# antique plate printing?



## nealjpage (Sep 23, 2005)

So I may have the oppertunity to produce prints from antique glass negitive plates that an aquaintance bought at an auction.  Are there any special steps to do this?  I know I've got to be careful--they're one of a kind (or at least I imagine they are) shots of buildings from our college campus that have been demoloished over the past hundered years or so.  Our darkroom has Besler 23 enlargers and so far I've only found negitive holders for 35mm film.  Do I need to find special holders or will this enlarger not work with glass plates?  Thanks.


----------



## ksmattfish (Sep 23, 2005)

How big are the plates?  A Beseler 23 isn't going to handle a plate much bigger than 3" x 3".   

I have seen prints that were enlarged from plates, but most examples of printing from plates that I run into are contact printed.

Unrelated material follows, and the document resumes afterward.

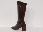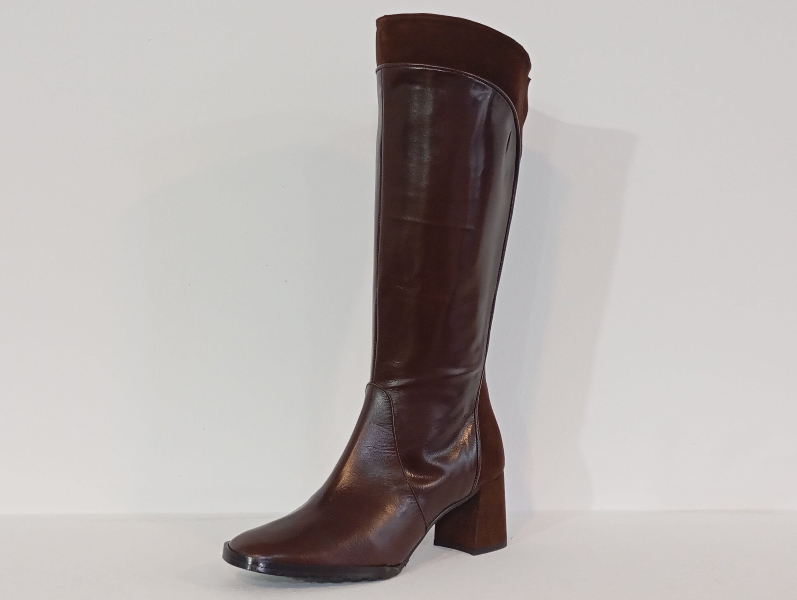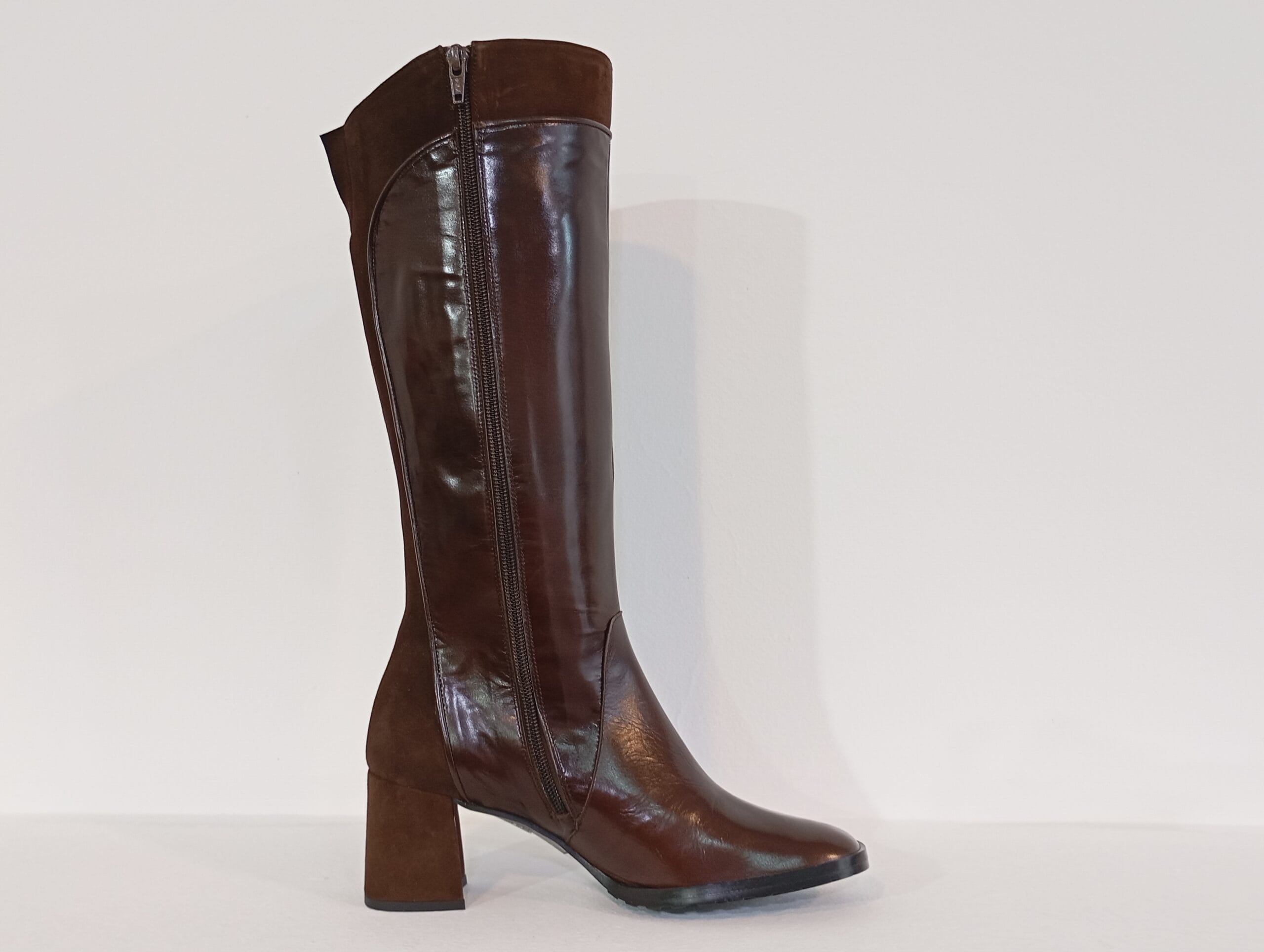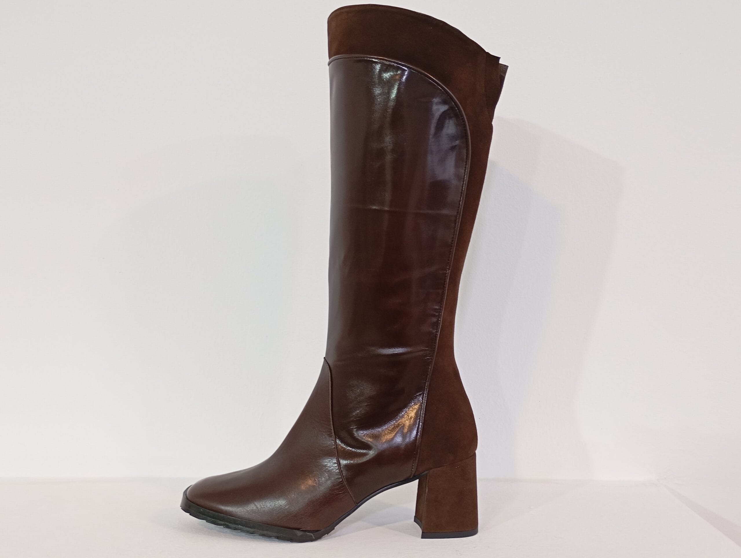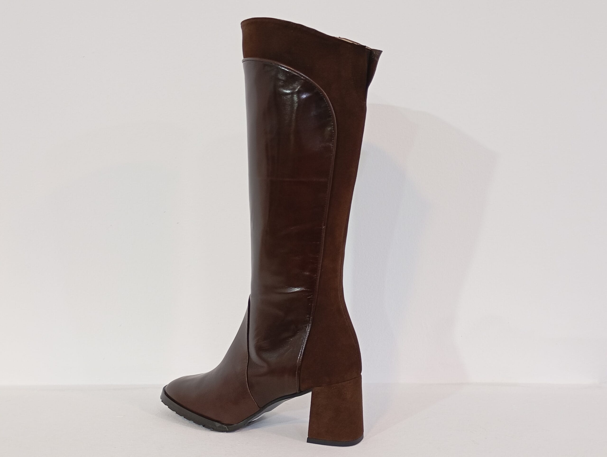 BOTA ALTA CON CREMALLERA EN PIEL MARRONCON ADORNO EN LA PARTE DE ATRAS EN ANTE MARRON AL TONO CON TACON CUBANO Y CERCO EN LA SUELA PARA LA PISADA.
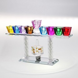 חנוכיה קריסטל 16 סמ צבעונית + סביבון

You can probably find some plate shooters over at apug.org.


----------



## nealjpage (Sep 23, 2005)

Hmm.  Not sure of the size.  I'll have to ask.  I guess I didn't think about contact printing.  I suppose that's easier--less risk of scratching them, right?


----------



## Hertz van Rental (Sep 23, 2005)

A lot of old glass plates are 5x4 and above so you don't really need to enlarge them.
You just have to be careful not to scratch the emulsion side. And watch out for breakage - some glass plates I have had experience with were only about 1.5mm thick.


----------



## nealjpage (Sep 29, 2005)

Were most of these plates used for contact printing originally?  Or did they use enlargers at the end of the 19th century?


----------